What are the three/four BEST plants for sulcata's to eat?


----------



## spikethebest (Jul 16, 2010)

grasses
weeds
mustard greens
endive

just my opinion


----------



## abbs (Jul 17, 2010)

I might not have been 100% clear.. but i ment like... flowers. Exp. Hibicious....


----------



## Tom (Jul 17, 2010)

abbs, your question is not an easy one to answer. What do you mean by best? Easiest to find and grow? Highest level of nutrition? Most closely simulating a wild diet? Are you asking for babies or adults, because I'd answer differently for each?

The list of suitable sulcata foods is very long and each item on the list has its merits.
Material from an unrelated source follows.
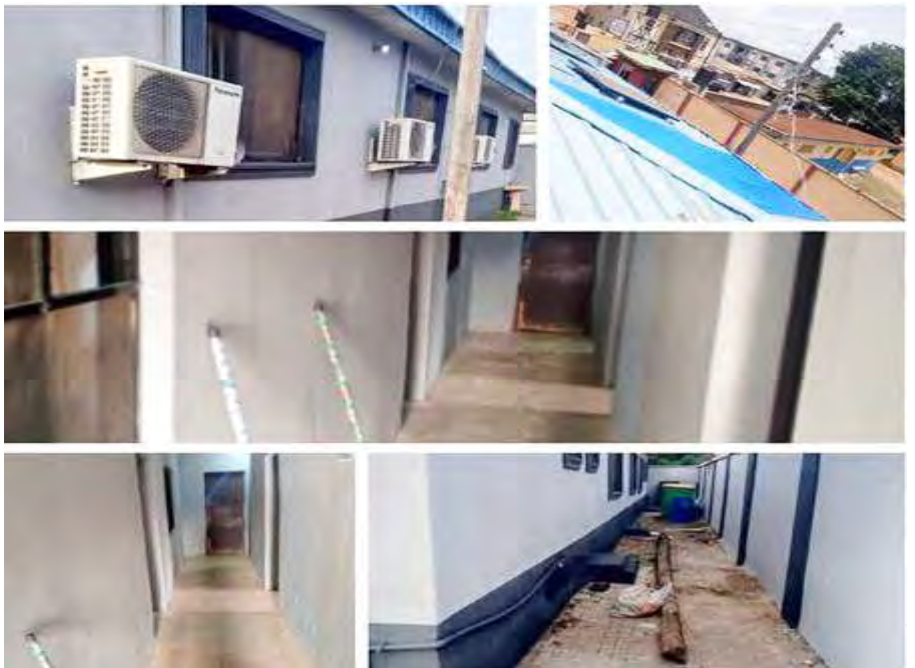
The renovated Ajeabo Primary Health Centre

system, full air conditioning for patient comfort, a consistent supply of essential drugs, and round-the-clock availability of doctors and nurses. Furthermore, the facility now operates with 24-hour medical staffing, ensuring continuous access to doctors and nurses. This upgrade reflects the Chairman's dedication to enhancing healthcare services within the community. This upgrade underscores the Chairman's focus on providing quality healthcare to the community.

I don't mean to be a pain in the rear, but its difficult to give just a quick, easy answer in this case.

Grass should be a large component of a sulcatas diet, but this is more for adults and juveniles. Succulents, like Opuntia cactus, ice plant or elephant ear, are very good nutritionally and easy to grow. Grape, rose, hibiscus and mulberry leaves are also commonly used as food for them, but I don't know if any of these would be considered a top 3 or 4 "best" food for them. Weeds like dandelion, sow thistle, mallow, plantain and filaree are all very good for them too, and would certainly have a place on my "best" list. Its not too hard to grow some of the grocery store plants either. Any of the lettuces, endive, escarole, bok choy, collard greens, mustard greens, cilantro, parsley, carrot tops, etc...

Many would argue that Mazuri should have a place on a top 4 best sulcata foods list, but I realize you were asking about plants to grow.

Hope this helps. I've listed a whole bunch of choices above. You can pick YOUR favorite four.


----------



## abbs (Jul 17, 2010)

Thanks for your help(=

HOw much does the Mazuri typically cost and where can i get it at? Do any pet stores supply it by any chance?


----------



## Tom (Jul 17, 2010)

Sorry, I don't know where in the country you are. I buy it at my local feed store. If there is a horse supply place near you they can order it for you.

Cory (Spikethebest) can ship it to you anywhere in several quantities. You can start with a small bag to try it out and order more if you like it.


----------